Latest update February 10th, 2025 2:25 PM
Feb 10, 2025 News
Kaieteur News- Vice President Bharrat Jagdeo has brushed aside criticisms from opposition Members of Parliament (MPs) over his government’s failure to establish the long-promised Petroleum Commission and to renegotiate the Exxon Stabroek Block deal.
Opposition MPs David Patterson and Shurwayne Holder during the just concluded budget debates flayed the Vice President and others for backpedalling on their promise to establish a Petroleum Commission, a regulatory body meant to oversee the oil and gas sector.
The Petroleum Commission Bill, which would pave the way for an independent regulator, has remained in limbo despite the People’s Progressive Party previously identifying it as a priority. With the Ali administration now in its fifth year, the bill remains unimplemented.
In his response, at a press conference last Thursday Jagdeo asserted that he has already addressed the matter multiple times. “So and the Petroleum Commission is, I dealt with that 100 times before, the Petroleum Commission, I dealt with it 100 times before I don’t even need to deal with it again, but it shows they have nothing to say, really.”
In August 2020, Vice President Jagdeo was reported as saying that the body would be set up in six months and the Attorney General, Anil Nandlall told the media in 2021, that the Natural Resource Ministry’s legal department, along with the Chief Parliamentary Counsel attached to his office, was working on the document to facilitate the change which the new Government wanted to the draft Petroleum Commission Bill that was left behind by the previous administration. Vice President Jagdeo went from stating that the Commission would be set up within months to claiming that the Commission is not necessary. At an August 2024 press conference, Jagdeo said, “There is no magic with a Petroleum Commission…There is no magic, we have given our agencies the tools to manage the sector.”

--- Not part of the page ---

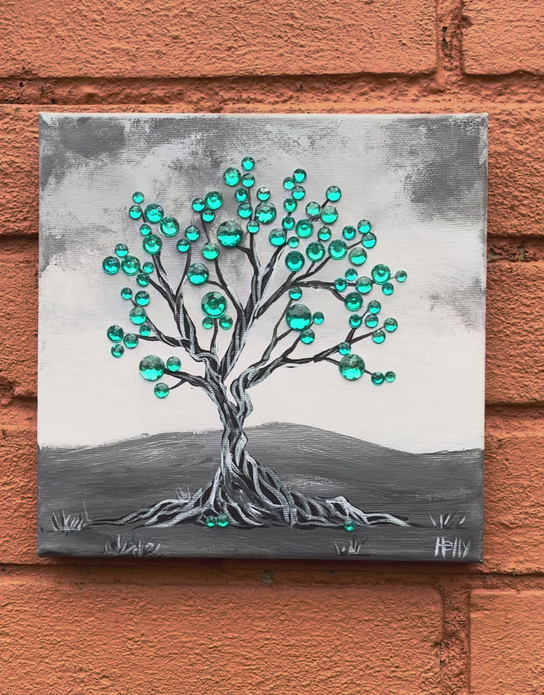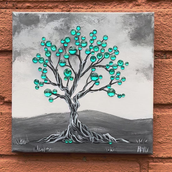 this stunning little painting was created using acrylic paints on a 20x20cm canvas it was inspired by my love of bonsai trees which i find intriguing the way the roots can wrap around anything and keep the tree strong.

MP Holder during his presentation in the National Assembly stated, “The PPP has betrayed the trust of the Guyanese people on this matter. In opposition and even in the first few months after 2020, both the Minister of Natural Resources and Vice President promised to set up the Petroleum Commission, but after becoming comfortable and with hands on the oil money, they turned their back on the people.”
For his part, MP Patterson had also criticized the government’s management of the oil and gas sector and highlighted areas it has failed to deliver on. He too highlighted the government’s failure to establish the long-promised Petroleum Commission. “The PPP are very comfortable with the ‘do nothing approach,’ while the oil resources of our country is being squandered away,” Patterson said.

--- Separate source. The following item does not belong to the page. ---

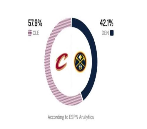 反觀掘金這邊,上一場(chǎng)擊敗公牛,終于止住了3連敗的頹勢(shì),目前以34勝19負(fù)排在西部第三。約基奇復(fù)出后,球隊(duì)并未迎來(lái)理想的狀態(tài)提升,此前的連敗還讓掘金與西部前二的差距被拉開(kāi),身后火箭、湖人也不斷縮小差距。對(duì)陣公牛一役,帶傷出戰(zhàn)的穆雷砍下28分11助攻,約基奇貢獻(xiàn) 22 分14籃板17助攻的大號(hào)三雙,成為NBA歷史三雙次數(shù)第二多的球員。替補(bǔ)球員小哈達(dá)威拿下23分,掘金進(jìn)攻端火力依舊強(qiáng)勁,但防守端問(wèn)題突出,過(guò)去4場(chǎng)比賽失分均超過(guò)120分。賽前,ESPN預(yù)測(cè)本場(chǎng)勝率:騎士57.9%,掘金42.1%。

Moreover, both Holder and Patterson also called out the government for failing to honor their 2020 campaign promise to renegotiate the 2016 Production Sharing Agreement (PSA) that was signed by the previous APNU+AFC government with ExxonMobil.
The deal the Coalition signed agrees for ExxonMobil and its partners, Hess and CNOOC to pay Guyana a 2% royalty on oil revenues, allows for the oil companies to recover 75% of the revenue to cover cost before the remaining goes to profit-sharing, and caters for Guyana to cover the oil companies’ taxes.
“And the elephant in the room is renegotiation. These are the corrupt people who were part of that negotiation, who stuck us with the contract now, pretending to be national in their orientation. So, those are just some of the things I wanted to say in the budget that has come out,” Jagdeo responded.
Notably, the contract has been widely criticised for giving the oil companies a tax-free ride, the high-cost recovery rate and lack of ring-fencing provision. This has led to calls for renegotiation from various quarters. However, the PPP government has maintained that it has never promised to renegotiate the Exxon deal and said that they will abide by the terms of the deal and not seek a renegotiation.